E' la solita storia: vai al cinema, troppo pieno di aspettative, ti siedi entusiasta, con in mente i nomi degli esseri umani che hanno prodotto quello che stai per vedere (Sorrentino, cavolo, "Il Divo" è stato un gran bel film, Sean Penn, poi, e che gli vuoi dire?), inizia il film e tu inizi a concentrare l'attenzione solo sulle immagini, sulle scene, su ciò che ti trasmette lo schermo. Ma dopo una mezz'oretta, forse un pò di più, senti che inizia a salire dallo stomaco quella sensazione fastidiosa, quasi incessante, che ti fa capire che non tutto sta andando come speravi. Ti ritrovi quasi a supplicare che le cose cambino prima o poi, che tutto quello che vedi si trasformi in qualcosa di migliore, perchè cavolo, alla fine hai di fronte una produzione mica da cine-panettone...ma le cose non cambiano.
Sorrentino dirige una storia banale, vista e rivista; un viaggio alla ricerca di se stessi, e lo fa anche male, con una regia piatta, che non decolla mai, un pò noiosa, a tratti insicura. Sean Penn si trasforma una rock-star in declino, Cheyenne, oppresso dal suo passato ma che ancora va in giro come se fosse un ibrido fra la brutta copia di Robert Smith dei Cure e Marilyn Manson. Il solito emarginato che si sente tale ma vuole reagire. E lo fa dando la caccia all'aguzzino nazista che ha maltrattato suo padre nel campo di concentramento di Auschwitz, una trovata della sceneggiatura francamente ridicola e che nulla aggiunge alla piattezza della storia (le immagini dei cadaveri ammassati di Auschwitz strizzano gli occhi a un sensazionalismo da terza elementare). Nel bel mezzo di tale caccia, come se non bastasse, si attorcigliano fra loro storie su storie, pezzi di vita che la rock-star incontra lungo il cammino, rendendo confuso e inconcludente un film che già era partito male.

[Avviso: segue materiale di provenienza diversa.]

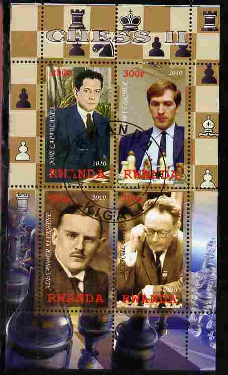 Rwanda 2010 Chess Masters #2 perf sheetlet containing 4 values fine cto used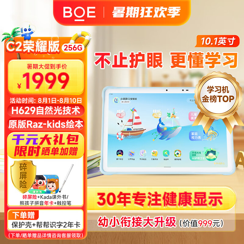 BOE京东方小课屏C2-256G荣耀版10.1英寸学生学习平板类纸护眼儿童AI学习机小初高中同步早教家教机RAZ价格:1999.00元!

Non si avverte mancanza di alta recitazione, Sean Penn se la cava alla grande, anche se a volte da l'effetto di un monocorde (meravigliosa la sua risatina a metà fra l'ironico e il grottesco) e riesce a non mettere nell'ombra chi gli fa da spalla (il bambino ciccione che canta "This Must Be The Place" dei Talking Heads è una rivelazione, forse la migliore scena di tutto il film), ma gli attori non riescono a salvare una sceneggiatura che nelle intenzioni aveva possibilità di farsi apprezzare e nella pratica ha ridotto tutto a un calderone di elementi confusi e mai approfonditi.
Il cameo di David Byrne, autore della colonna sonora, praticamente inutile, è quasi fastidioso, al pari di un finale scontato che trasforma la parabola esistenziale del protagonista in un inno alla vendetta. E quindi te ne esci dal cinema sospirando deluso, con in mente solo il rossetto rosso fuoco di Chayenne e le sue orribili Dr. Martens ai piedi.